Why another GAM library?

  • R-equivalent answers, Python ergonomics. If you have R / mgcv users producing models and Python services consuming them, this gives both sides the same numbers from the same fit. The serialize() method produces a portable artefact for deployment.
  • Fast. Aggregate time across 80 parity fixtures: 2.0 s. On the largest Gaussian fixture (n=50,000, k=15), mgcv_rust is ~4× faster than R's mgcv.
  • Real CIs, paired diffs. predict_ci(X) returns (mean, lo, hi) so you never have to "+= intercept" by hand. predict_diff(from_X, to_X, level=...) gives a paired-posterior CI for the difference between two predictions — strictly tighter than the naive predict_ci difference.
  • Frozen serving view. GamPredictor(gam) is an __slots__-locked, inference-only wrapper with strict input validation (feature_names_in_ enforcement) and a check_against(gam, X_sample) round-trip assertion for deployment safety.

Installation

The Python package is built from this repo via maturin:

# Clone, then in a venv:
pip install maturin
maturin develop --features python,blas,blas-system --release

After that, import mgcv_rust works.

For a Rust-only consumer, add to your Cargo.toml:

[dependencies]
mgcv_rust = { git = "https://github.com/AlekJaworski/nn_exploring" }

Quick start

import numpy as np
import pandas as pd
from mgcv_rust import Gam

rng = np.random.default_rng(0)
n = 500
X = pd.DataFrame({
    "x0": rng.uniform(-2, 2, n),
    "x1": rng.uniform(0, 5, n),
})
y = np.sin(X["x0"]) + 0.3 * (X["x1"] - 2.5)**2 + rng.normal(0, 0.1, n)
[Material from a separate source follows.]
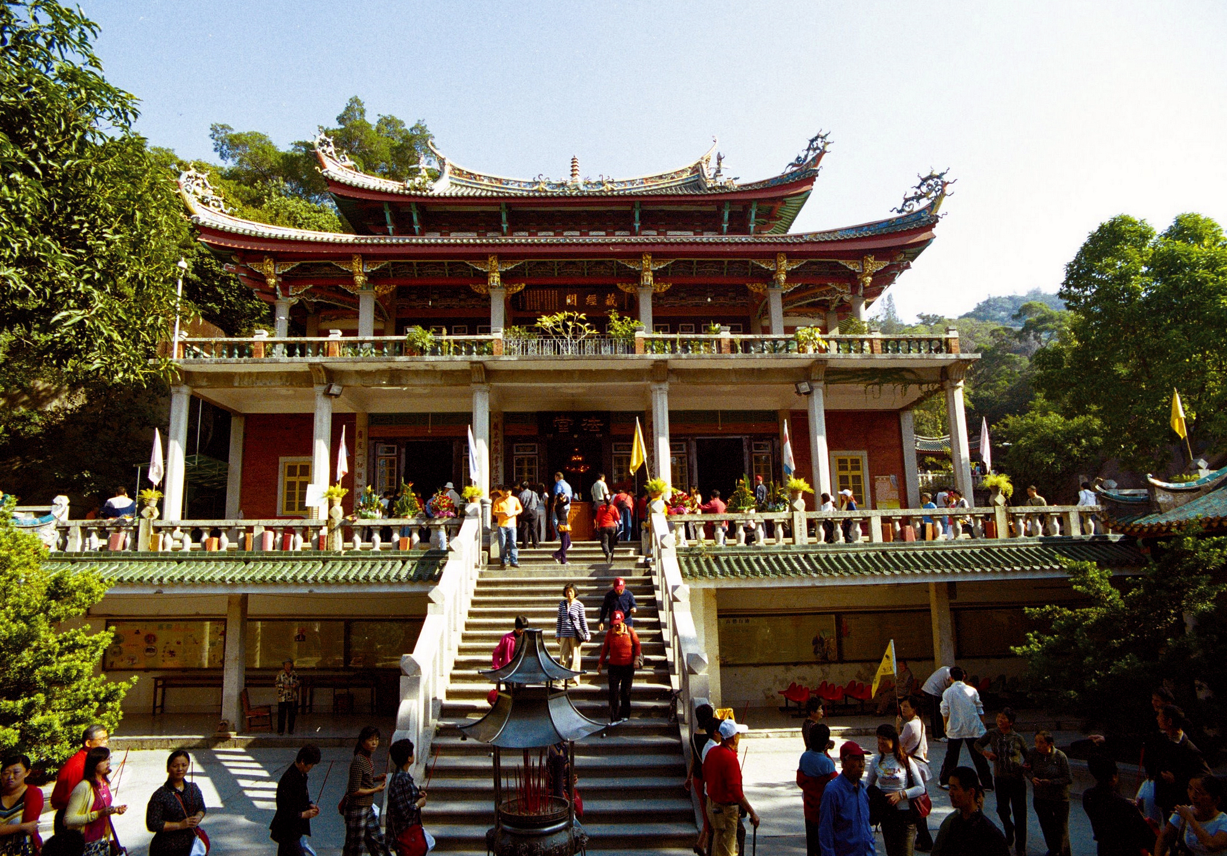 Buddhism library, Nanputuo temple南普陀寺藏经阁

gam = Gam(family="gaussian").fit(X, y)

gam.predict(X[:5])                  # response-scale predictions
mean, lo, hi = gam.predict_ci(X[:5])  # 95% CI, response scale
gam.score(X, y)                     # adjusted R²
print(gam.summary())                # mgcv-style block

That's it for the simple case. Read on for the curated tour, or jump to docs/GETTING_STARTED.md for a step-by-step tutorial with worked examples.


Tour

1. Build the model

Gam() accepts pandas / polars / numpy. If you pass a DataFrame, the column names become the predictor names; otherwise you can pass them explicitly.

gam = Gam(
    family="gaussian",           # gaussian, binomial, poisson, gamma, tweedie, nb, t-dist, scat, ...
    link=None,                   # None → canonical link for the family
    k_default=10,                # default basis dimension per smooth (mgcv default)
    term_k_mapping={"x0": 25},   # per-predictor overrides
    method="REML",
)
gam.fit(X, y)

After fit, sklearn-style attributes are populated:

gam.coef_              # full β vector (intercept first)
gam.intercept_         # link-scale
gam.intercept_response_ # response-scale (= mean(y) for identity link)
gam.feature_names_in_  # predictor names, fitting order
gam.n_features_in_
gam.lambda_            # per-smooth smoothing parameter
gam.edf_               # per-smooth effective degrees of freedom
gam.k_, gam.bs_        # basis dimension / basis type per smooth
gam.vcov_              # posterior covariance of β̂

2. Predict on different scales

gam.predict(X)                       # response (default — same as mgcv predict(type="response"))
gam.predict(X, scale="link")         # linear predictor, no inverse link (mgcv type="link")

result = gam.predict(X, type="terms")  # decomposition
result.intercept                       # scalar, link scale
result.contributions                   # DataFrame (n × m_smooths), link-scale, centered on training
result.total                           # response-scale ≡ gam.predict(X)

Invariant: gam.predict(X) == inv_link(intercept + result.contributions.sum(axis=1)).

3. Confidence intervals

mean, lo, hi = gam.predict_ci(X, level=0.95)       # response, 95% CI
mean, lo, hi = gam.predict_ci(X, scale="link")     # link-scale CI
mean, lo, hi = gam.predict_ci(X, level=0.5)        # 50% CI (narrower)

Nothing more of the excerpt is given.